= Sabato triangle =

The Sábato triangle (Triángulo de Sabato) is a model concerned with linkages between science, industry and government, which has informed discussions of science policy throughout Latin America. It was developed during the 1960s and 1970s by the Argentine physicist and metallurgist Jorge Alberto Sábato, of the National Atomic Energy Commission (CNEA, the Argentine government agency overseeing development of nuclear power in the country).

==Brief description==
The idea of the triangle was proposed by John Kenneth Galbraith and developed by Sábato as a model of policy-making in science and technology. The model is based on the concept that in order for a scientific-technological system to exist in practice it is necessary for three sectors to be strongly linked together over the long term: the State (which formulates and implements policy); the scientific and technological infrastructure (which provides technology); and the productive sector (which uses technology). These interrelationships are portrayed in the form of a triangle.

Further, each "vertex" needs to have strong internal relations, that is to say, relations between the different institutions contained within itself. For example, within the State there needs to be coherence between "implicit" policy and "explicit" policy, between different ministries and autonomous organizations, and so on. The other factor considered is the external relations between the "vertices" and outside entities.
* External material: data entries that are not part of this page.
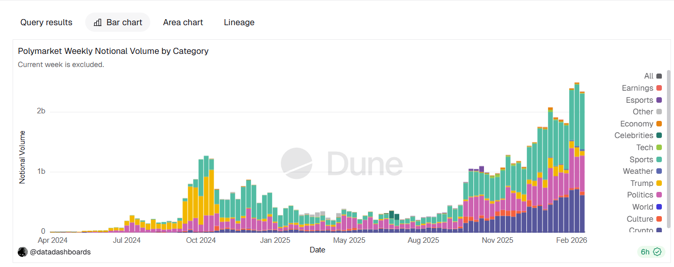 自近期美以与伊朗的军事冲突爆发以来,预测市场上的交易活动持续增加。根据Dune的最新数据,政治相关的合约在Polymarket上已成为第三大类别,交易量达到了5.98亿美元,并在Kalshi中排名第八,交易量为1600万美元。
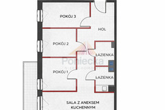 4 pokoje (3 niezależne + salon z aneksem kuchennym)
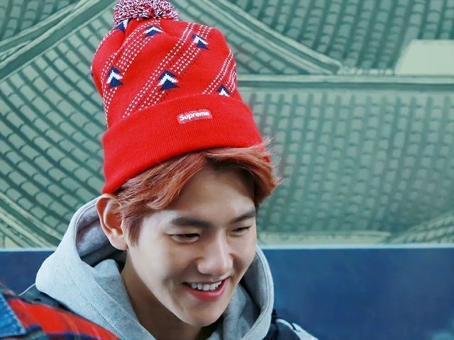 | Beakhyun (EXO) nổi bật với chiếc mũ beanie tone đỏ điểm xuyết một số họa tiết đáng yêu. |
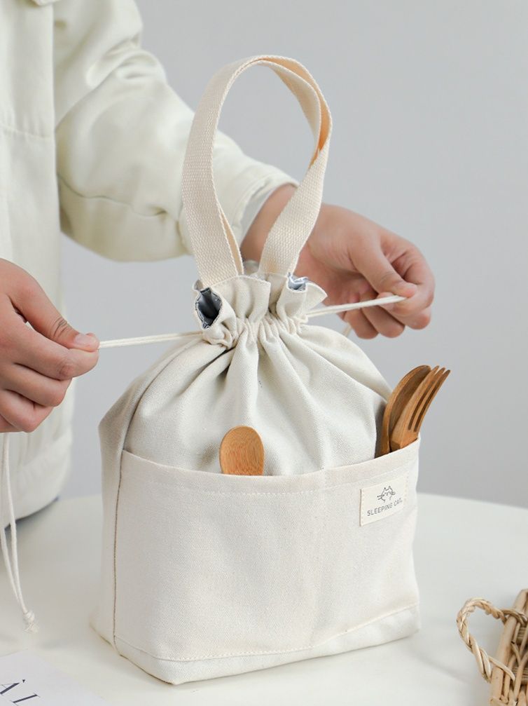 巾着式の開閉で中身をしっかり守る機能的なランチバッグです。 内側には保冷素材を使用し、お弁当や飲み物の鮮度を長時間キープします。 外側には便利な前面ポケットが付いており、箸やスプーンなどの小物を収納できます。 丈夫な持ち手で持ち運びもしやすく、通勤通学やピクニックに最適です。 ナチュラルな風合いで毎日使いたくなるデザインが魅力のアイテムです。
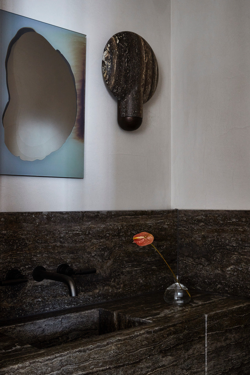 オーストラリアのデザイナー、ヘンリーウィルソンによって製作されたこの燭台はカラカッタ大理石で作られており、彫刻のように生活に溶け込むように設計されております。
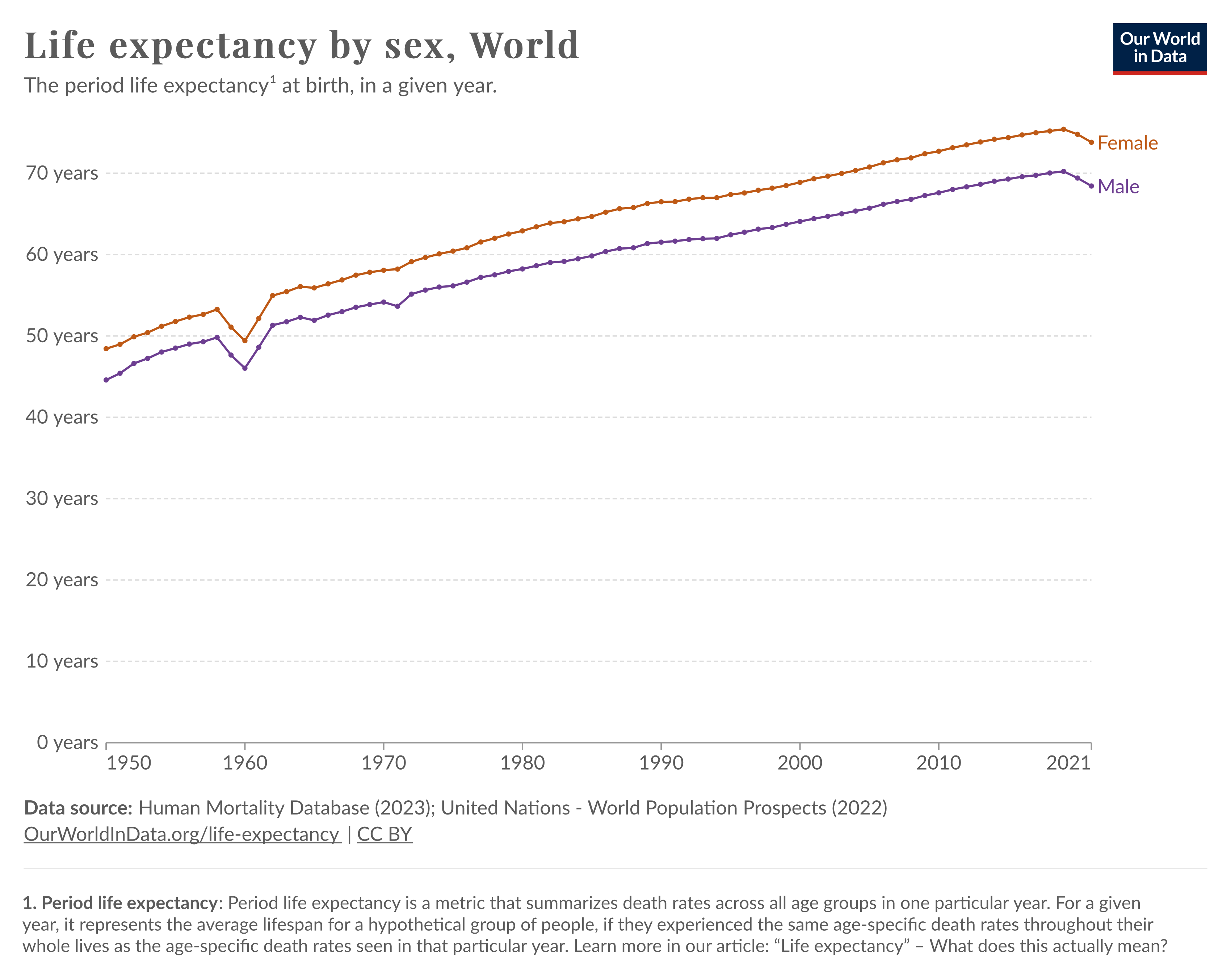 • Το παγκόσμιο life expectancy μέσα σε μόλις 70 χρόνια αυξήθηκε από τα 49 ετη στα 74 έτη ενώ αν κοιτάξουμε στις αναπτυγμένες χώρες τότε το νούμερο αυτό ξεπερνάει τα 80 ετη. Ζούμε περισσότερο από ποτέ λόγω της αναπτυξης της Ιατρικής και της βελτίωσης των συνθηκών ζωής τα οποία ευνόησε η κυριαρχία του Καπιταλισμού.
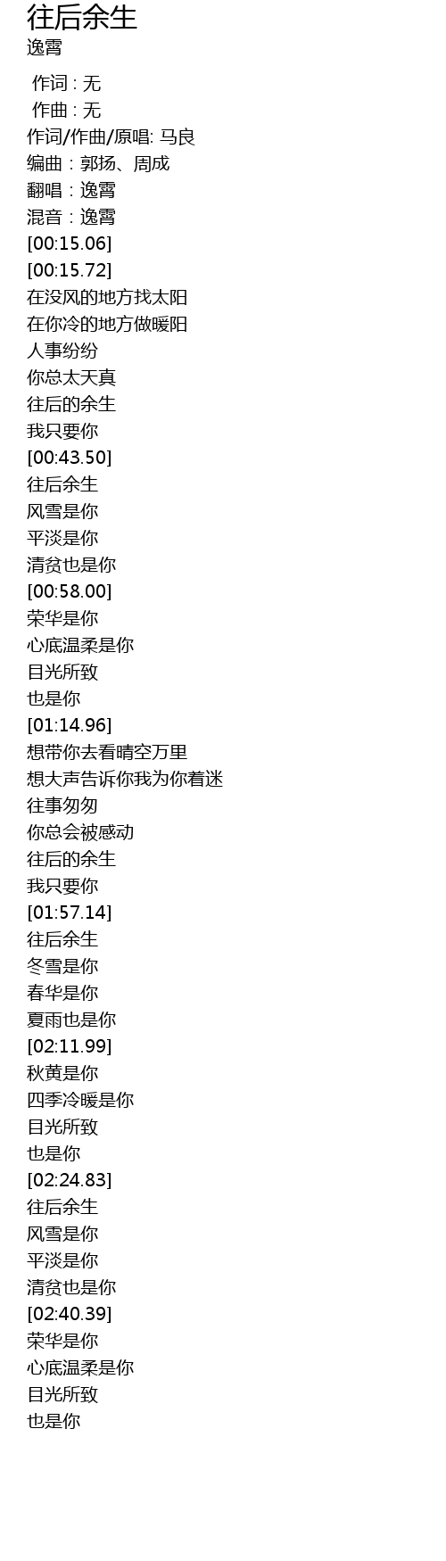 | [02:26.23] | 往后余生 |
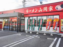 甲斐市富竹新田、国道20号沿いにある「ラーメン山岡家 山梨甲斐店」。
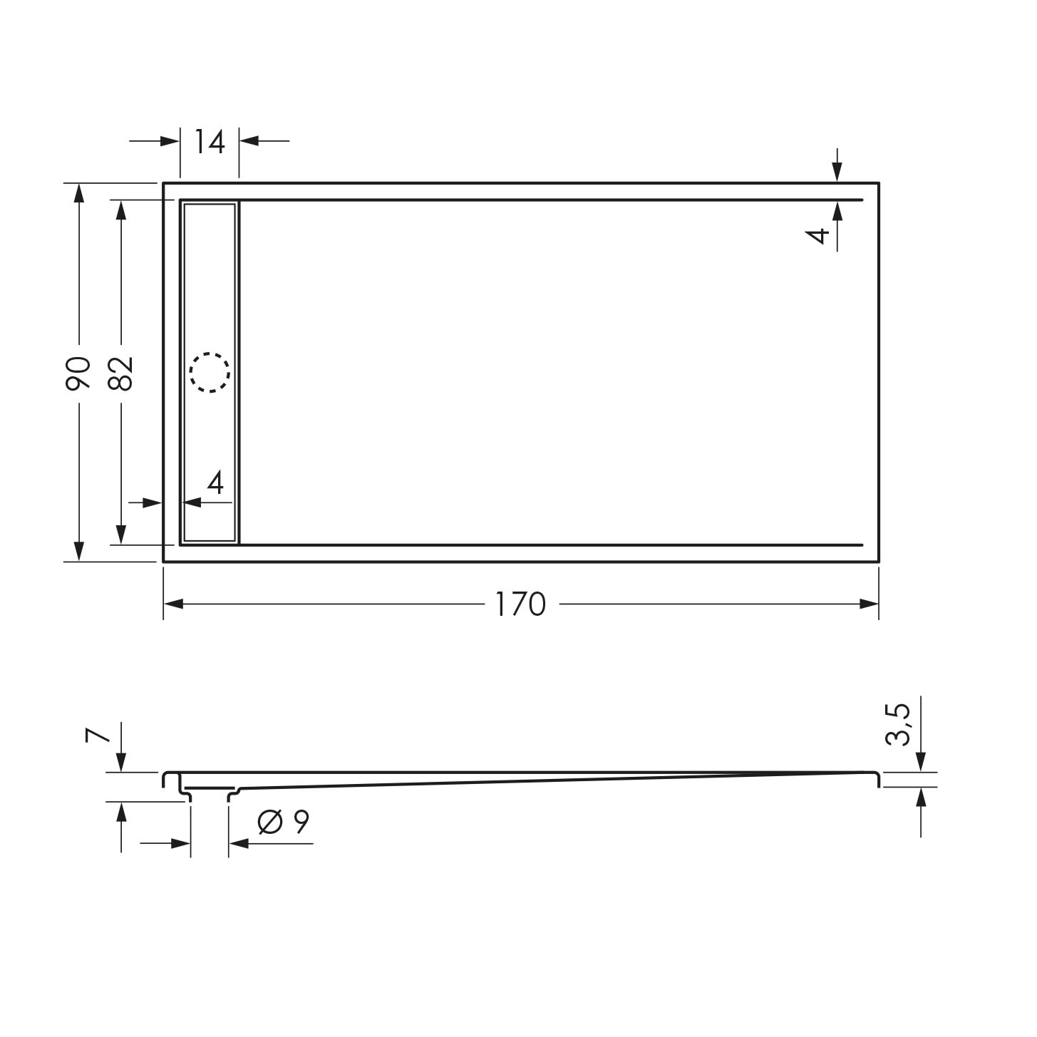 L: 170 B: 90 H: 7 cm

The triangle has been used to shed light on technological dependency. The model predicts that the stronger the external relations, the weaker or non-existent will be the interrelationships and the internal relations, and this will delay the country in reducing its dependency.

==Impact==
The Sábato Triangle won acceptance in several countries of Latin America, having an effect upon science and technology policy there and disseminating the belief that the State had an important role in promoting technology transfer. However, a separation of the three components of the "triangle" has still been observed in more recent times.